** Opening PROVIDED MATERIAL block **

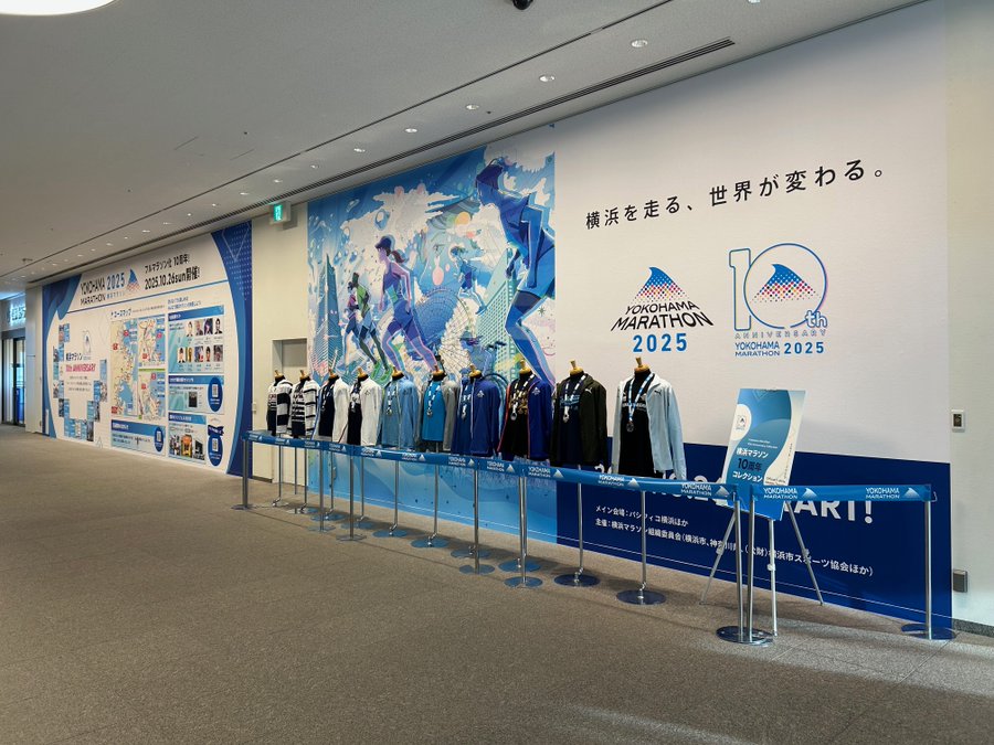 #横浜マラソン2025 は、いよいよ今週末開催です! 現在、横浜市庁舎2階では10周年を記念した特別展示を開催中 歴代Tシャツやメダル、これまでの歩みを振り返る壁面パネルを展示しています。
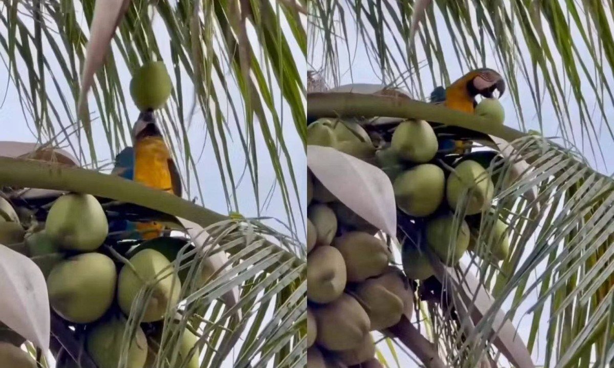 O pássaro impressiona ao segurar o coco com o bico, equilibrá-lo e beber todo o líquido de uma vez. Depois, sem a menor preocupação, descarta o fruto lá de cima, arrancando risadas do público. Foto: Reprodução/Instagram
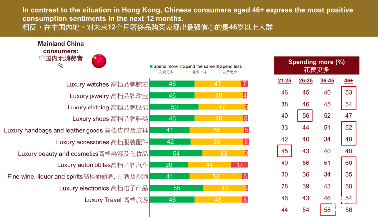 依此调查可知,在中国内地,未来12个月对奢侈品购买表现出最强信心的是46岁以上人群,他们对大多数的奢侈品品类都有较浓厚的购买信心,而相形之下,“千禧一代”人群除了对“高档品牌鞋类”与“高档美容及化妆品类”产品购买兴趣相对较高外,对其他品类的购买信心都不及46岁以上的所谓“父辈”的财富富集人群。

** Closing PROVIDED MATERIAL block **

Copy all of the data above exactly. Leave out every picture.

• ANSWER SPACE:
 #横浜マラソン2025 は、いよいよ今週末開催です! 現在、横浜市庁舎2階では10周年を記念した特別展示を開催中 歴代Tシャツやメダル、これまでの歩みを振り返る壁面パネルを展示しています。
 O pássaro impressiona ao segurar o coco com o bico, equilibrá-lo e beber todo o líquido de uma vez. Depois, sem a menor preocupação, descarta o fruto lá de cima, arrancando risadas do público. Foto: Reprodução/Instagram
 依此调查可知,在中国内地,未来12个月对奢侈品购买表现出最强信心的是46岁以上人群,他们对大多数的奢侈品品类都有较浓厚的购买信心,而相形之下,“千禧一代”人群除了对“高档品牌鞋类”与“高档美容及化妆品类”产品购买兴趣相对较高外,对其他品类的购买信心都不及46岁以上的所谓“父辈”的财富富集人群。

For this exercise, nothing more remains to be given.